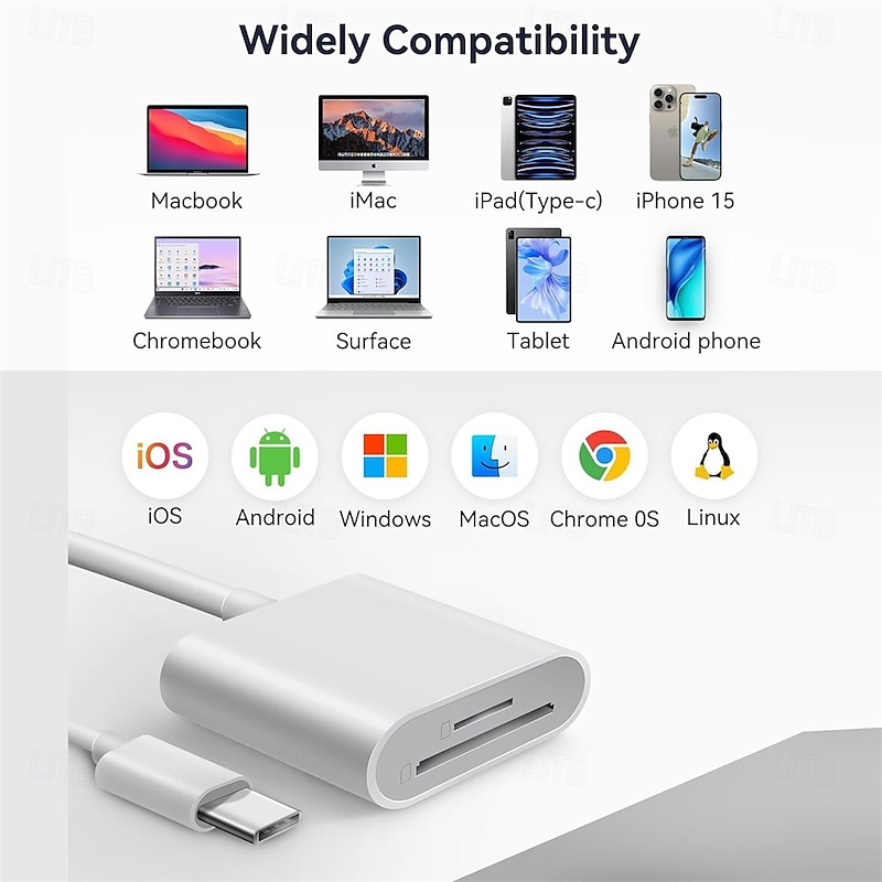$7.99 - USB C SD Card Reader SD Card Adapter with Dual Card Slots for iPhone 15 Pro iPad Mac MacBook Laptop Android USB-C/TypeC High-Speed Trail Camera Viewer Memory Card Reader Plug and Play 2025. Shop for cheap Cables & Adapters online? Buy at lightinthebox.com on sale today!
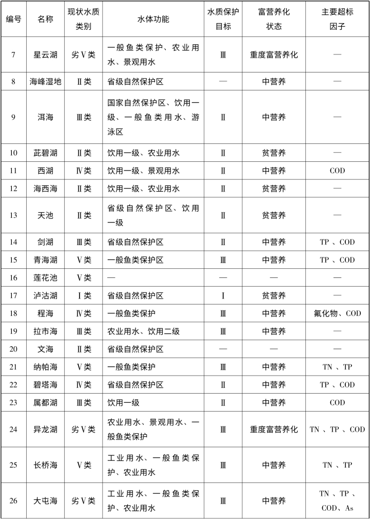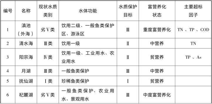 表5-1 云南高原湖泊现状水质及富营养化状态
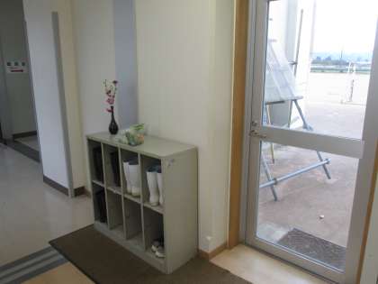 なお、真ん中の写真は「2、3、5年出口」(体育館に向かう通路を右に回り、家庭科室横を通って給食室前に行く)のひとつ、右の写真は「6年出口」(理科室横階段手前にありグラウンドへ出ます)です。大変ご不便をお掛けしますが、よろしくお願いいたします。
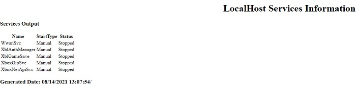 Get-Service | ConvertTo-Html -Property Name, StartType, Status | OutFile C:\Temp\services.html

┄┄┄┄┄┄┄┄┄┄

**WHAT THE TASK ASKS:**
The response must restate each line of the material above exactly and contain no images.

**RESPONSE FOR THIS EXERCISE:**
$7.99 - USB C SD Card Reader SD Card Adapter with Dual Card Slots for iPhone 15 Pro iPad Mac MacBook Laptop Android USB-C/TypeC High-Speed Trail Camera Viewer Memory Card Reader Plug and Play 2025. Shop for cheap Cables & Adapters online? Buy at lightinthebox.com on sale today!
 表5-1 云南高原湖泊现状水质及富营养化状态
 なお、真ん中の写真は「2、3、5年出口」(体育館に向かう通路を右に回り、家庭科室横を通って給食室前に行く)のひとつ、右の写真は「6年出口」(理科室横階段手前にありグラウンドへ出ます)です。大変ご不便をお掛けしますが、よろしくお願いいたします。
 Get-Service | ConvertTo-Html -Property Name, StartType, Status | OutFile C:\Temp\services.html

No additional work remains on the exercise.